About a week ago, I got an e-mail regarding voice-overs for World of Warcraft. They were looking for men 25-55, able to do accents.
But what was interesting about this was that it was non-union work.
It's hardly news that video game work for actors isn't very lucrative. Take a look at this NY Times article from 2008, about the dude who provided the voice & movements for GTA IV's Niko Bellic:
Mr. Hollick was paid only about $100,000 over roughly 15 months between late 2006 and early this year for all of his voice acting and motion-capture work on the game, with zero royalties or residuals in sight, he said.RTWT, because there's a lot of great stuff in there.
Now, $100,000 isn't a bad salary, but it is spread out over the course of three different years (altogether 15 months), and the sticking point is royalties. He put a lot of time and effort into a character in a game that has enjoyed both critical acclaim & commercial success.
And one of the areas video games have traditionally had problems with is voice acting. Rock Star, the games company that put out GTA IV are known for their careful work on characterization and voice-casting. But as that linked Guardian article suggests, Rock Star is the exception rather than the rule. And considering that even Rock Star treats actors as session players, the mentality isn't surprising.

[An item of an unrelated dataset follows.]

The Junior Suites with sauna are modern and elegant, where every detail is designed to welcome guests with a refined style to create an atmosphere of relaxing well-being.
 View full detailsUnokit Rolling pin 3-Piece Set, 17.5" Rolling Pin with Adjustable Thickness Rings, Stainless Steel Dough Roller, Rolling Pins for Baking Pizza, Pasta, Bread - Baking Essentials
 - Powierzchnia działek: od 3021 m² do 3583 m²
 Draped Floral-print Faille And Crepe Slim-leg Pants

But Rock Star was paying the going union rate for some of supporting cast ($730 a day). Hellick made $1030 a day.
The posting for World of Warcraft set the minimum day rate at $200. $25 an hour doesn't sound too bad IF they keep it to an 8 hour day. However, if it's non-union, they aren't restricted to an 8 hour day.

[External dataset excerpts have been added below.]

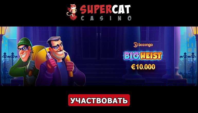 Вы всегда восхищались, когда грабители легко обчищают банки в кино? Что ж, теперь настала ваша очередь попробовать свои силы в новом турнире «Big Heist» в казино СуперКет. Раскрутите барабаны слотов Booongo, станьте лидером соревнования и заберите главную награду – 10% от растущего призового фонда! Ну а для того, чтобы узнать об остальных бонусных предложениях и промо акциях данного игорного заведения, ознакомьтесь с нашим обзором казино СуперКет.
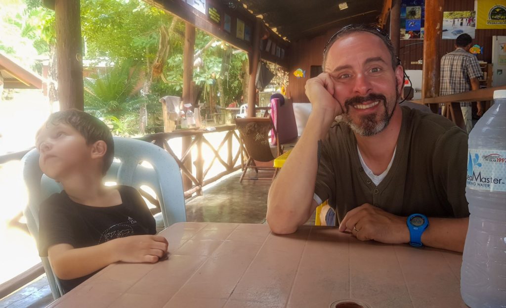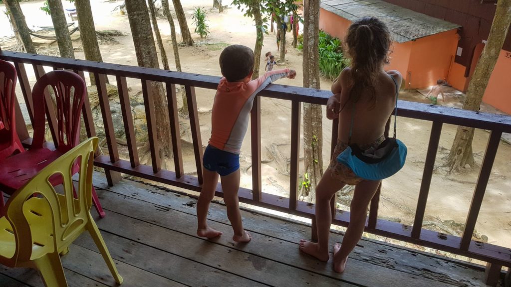 Le lieu est tellement isolé, qu’ici, on n’y vit comme dans un petit village. Il y a le restaurant, qui fait bar et accueil et où tout le monde se retrouve. Tous les adultes sont à la sieste dans les hamacs, et les loulous ont déjà fait connaissance avec les autres enfants et sont partis jouer.
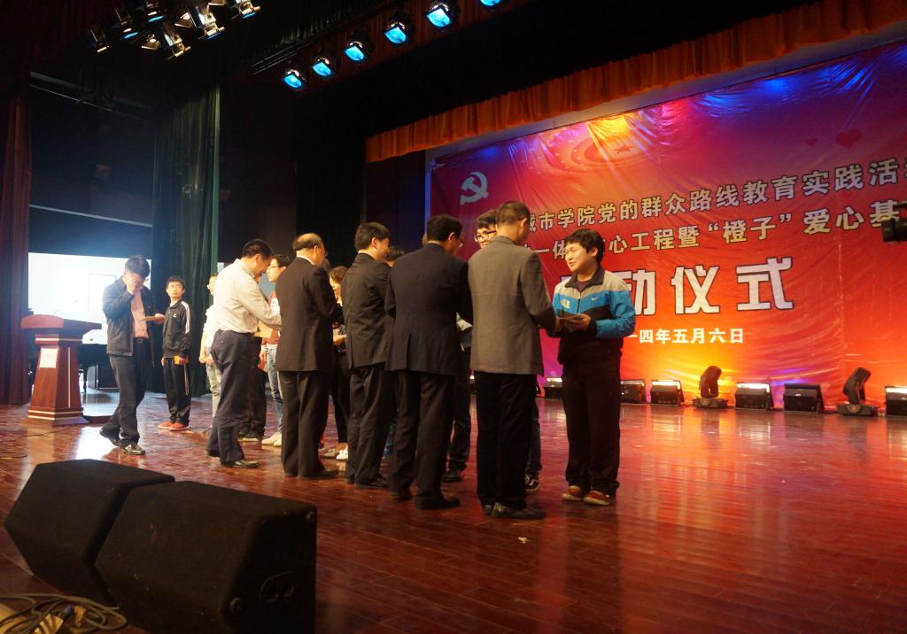党委书记赵运林讲话指出,启动“贴心工程”和“橙子基金”,并建立互帮互助的长效机制,对于关怀弱势群体,建设和谐城院,意义重大,影响深远。“贴心工程”是学校深入开展党的群众路线教育实践活动的核心举措,是增强教育实践活动实效的关键环节,是惠及全体师生的特色方案。为特困学生和身患疾病学生设立爱心救助基金,是关爱他人、乐于奉献的中华民族的传统美德和社会主义核心价值观的体现,让急需帮助的学生感受到和谐城院大家庭的温暖,是我们每个城院人的一份沉甸甸的责任。
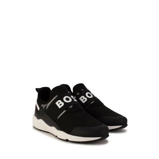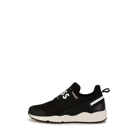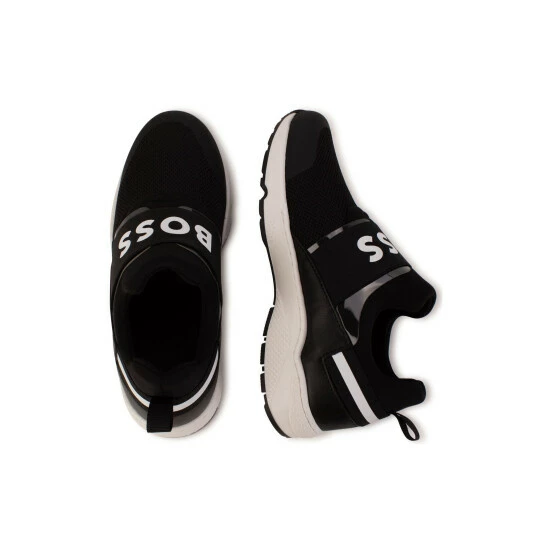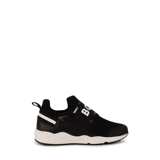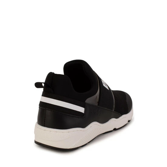 Sneakers in cow leather, technical textile and mesh. Printed elastic closure. Lining textile and insole in breathable and antibacterial. Bicolour outsole. Mineral tanning. Made in Portugal.

And context is important here. Remember, Rock Star paid $730 a day for work on GTA IV. WOW is paying just barely above a quarter of that.
Further context: in a recent on-camera class in Chicago, a freelance casting director (who works on commercials all the time) said to not bother booking non-union work if you were getting under $400 a day. That's for regional and local commercial work that's maybe seen over a couple of states. Not a video game which sold 4 million copies within the first month of release.
In other words, a Chicago-based restaurant chain could be paying actors more for a thirty second ad than one of the most popular MMOs is paying someone for recording pages and pages of dialogue.
This is why unions matter.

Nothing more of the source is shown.